■ **About this task**:
What needs reproducing is the run of lines in the data below starting at the line with "Michael Stein, chair" and ending at the line with "Обеспечивается привилегированный режим", both ends included. Copy it exactly, without pictures, and add nothing.

■ **Available data**:
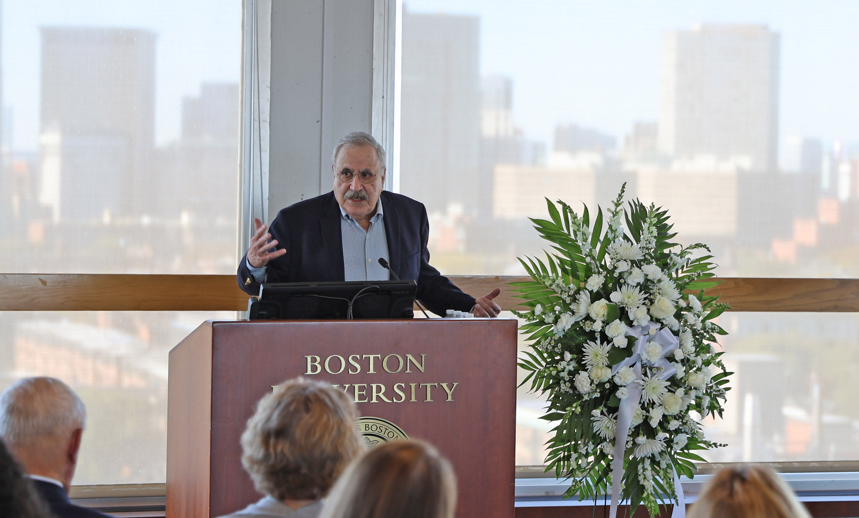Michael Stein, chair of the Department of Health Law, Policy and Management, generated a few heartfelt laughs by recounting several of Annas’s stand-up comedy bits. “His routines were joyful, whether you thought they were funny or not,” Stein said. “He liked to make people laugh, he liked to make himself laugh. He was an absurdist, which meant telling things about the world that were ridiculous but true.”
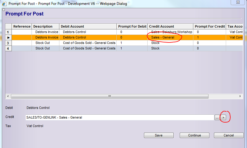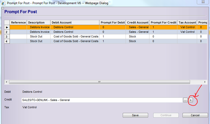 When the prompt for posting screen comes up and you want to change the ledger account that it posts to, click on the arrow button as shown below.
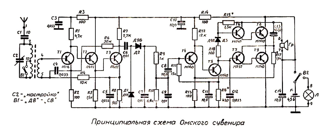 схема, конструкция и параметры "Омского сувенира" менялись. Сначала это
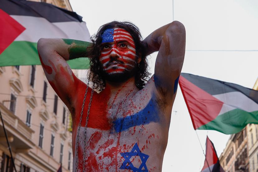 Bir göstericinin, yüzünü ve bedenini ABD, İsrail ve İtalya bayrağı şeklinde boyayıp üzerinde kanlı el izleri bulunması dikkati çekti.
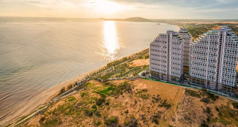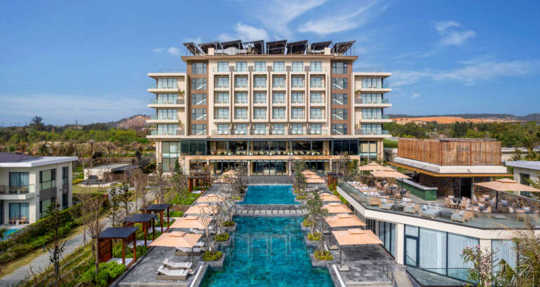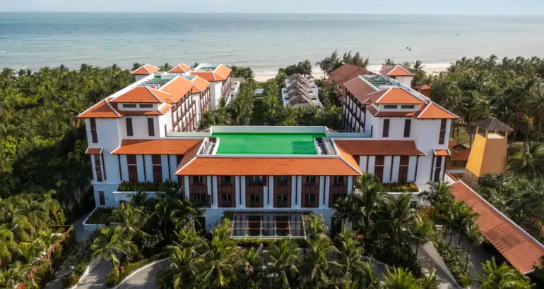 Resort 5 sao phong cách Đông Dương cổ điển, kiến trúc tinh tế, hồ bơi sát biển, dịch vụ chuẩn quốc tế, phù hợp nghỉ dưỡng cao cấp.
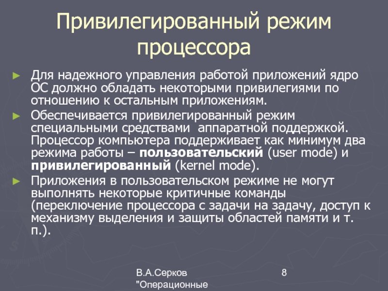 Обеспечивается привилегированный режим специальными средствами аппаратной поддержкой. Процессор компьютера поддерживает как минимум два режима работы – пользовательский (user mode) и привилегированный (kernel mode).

--

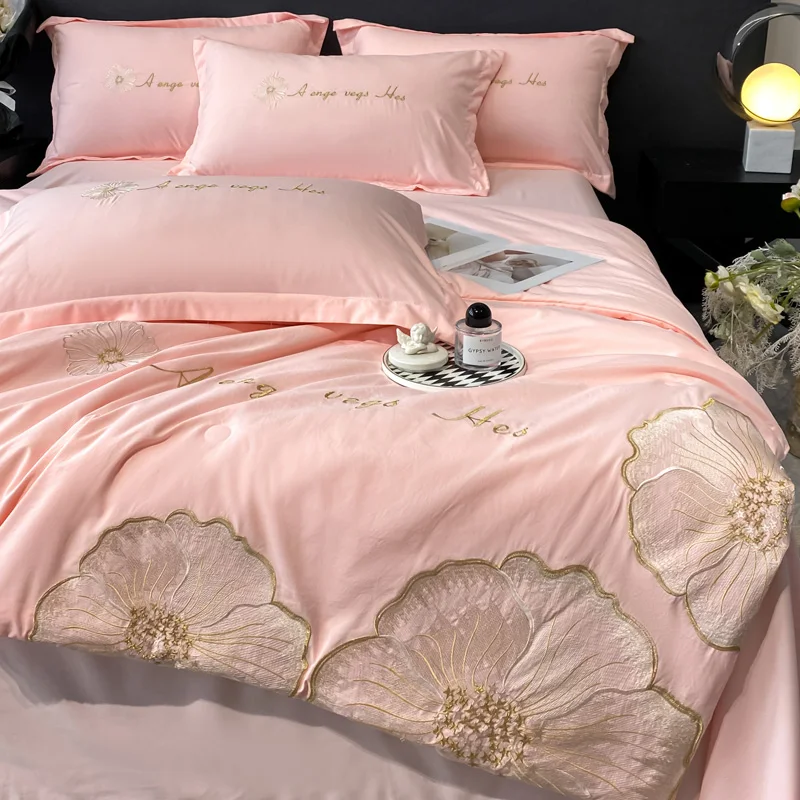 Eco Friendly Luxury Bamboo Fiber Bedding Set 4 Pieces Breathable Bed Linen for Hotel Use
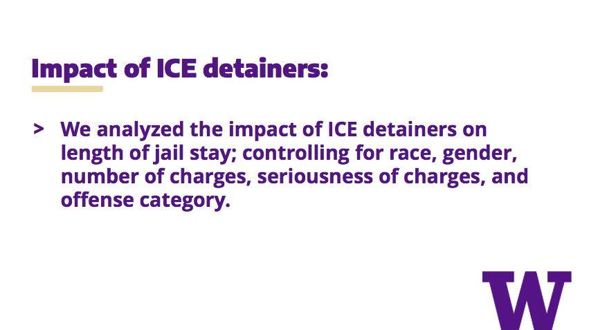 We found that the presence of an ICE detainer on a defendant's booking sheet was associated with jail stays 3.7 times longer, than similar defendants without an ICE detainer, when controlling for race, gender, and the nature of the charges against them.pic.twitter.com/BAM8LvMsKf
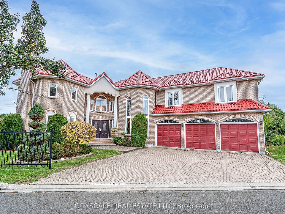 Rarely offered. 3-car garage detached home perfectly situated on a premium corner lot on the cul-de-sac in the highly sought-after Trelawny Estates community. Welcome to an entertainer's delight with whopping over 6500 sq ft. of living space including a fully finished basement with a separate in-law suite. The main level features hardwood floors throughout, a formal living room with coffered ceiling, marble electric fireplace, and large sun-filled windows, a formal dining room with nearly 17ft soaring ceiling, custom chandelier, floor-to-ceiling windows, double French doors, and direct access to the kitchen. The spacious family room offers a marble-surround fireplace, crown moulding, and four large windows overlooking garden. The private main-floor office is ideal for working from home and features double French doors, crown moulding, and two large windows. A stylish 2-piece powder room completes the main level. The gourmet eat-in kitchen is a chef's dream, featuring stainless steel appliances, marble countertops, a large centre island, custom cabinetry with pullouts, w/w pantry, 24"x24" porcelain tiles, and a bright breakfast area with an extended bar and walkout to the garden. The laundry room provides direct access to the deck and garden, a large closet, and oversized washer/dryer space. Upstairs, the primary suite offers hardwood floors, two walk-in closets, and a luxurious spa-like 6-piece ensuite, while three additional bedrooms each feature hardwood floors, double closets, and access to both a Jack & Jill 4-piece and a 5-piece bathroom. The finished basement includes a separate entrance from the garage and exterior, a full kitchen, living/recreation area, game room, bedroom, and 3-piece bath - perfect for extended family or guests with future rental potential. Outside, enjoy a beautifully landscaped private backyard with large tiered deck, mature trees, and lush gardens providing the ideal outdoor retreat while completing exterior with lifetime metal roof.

■ **Result of this exercise**:
Michael Stein, chair of the Department of Health Law, Policy and Management, generated a few heartfelt laughs by recounting several of Annas’s stand-up comedy bits. “His routines were joyful, whether you thought they were funny or not,” Stein said. “He liked to make people laugh, he liked to make himself laugh. He was an absurdist, which meant telling things about the world that were ridiculous but true.”
 When the prompt for posting screen comes up and you want to change the ledger account that it posts to, click on the arrow button as shown below.
 схема, конструкция и параметры "Омского сувенира" менялись. Сначала это
 Bir göstericinin, yüzünü ve bedenini ABD, İsrail ve İtalya bayrağı şeklinde boyayıp üzerinde kanlı el izleri bulunması dikkati çekti.
 Resort 5 sao phong cách Đông Dương cổ điển, kiến trúc tinh tế, hồ bơi sát biển, dịch vụ chuẩn quốc tế, phù hợp nghỉ dưỡng cao cấp.
 Обеспечивается привилегированный режим специальными средствами аппаратной поддержкой. Процессор компьютера поддерживает как минимум два режима работы – пользовательский (user mode) и привилегированный (kernel mode).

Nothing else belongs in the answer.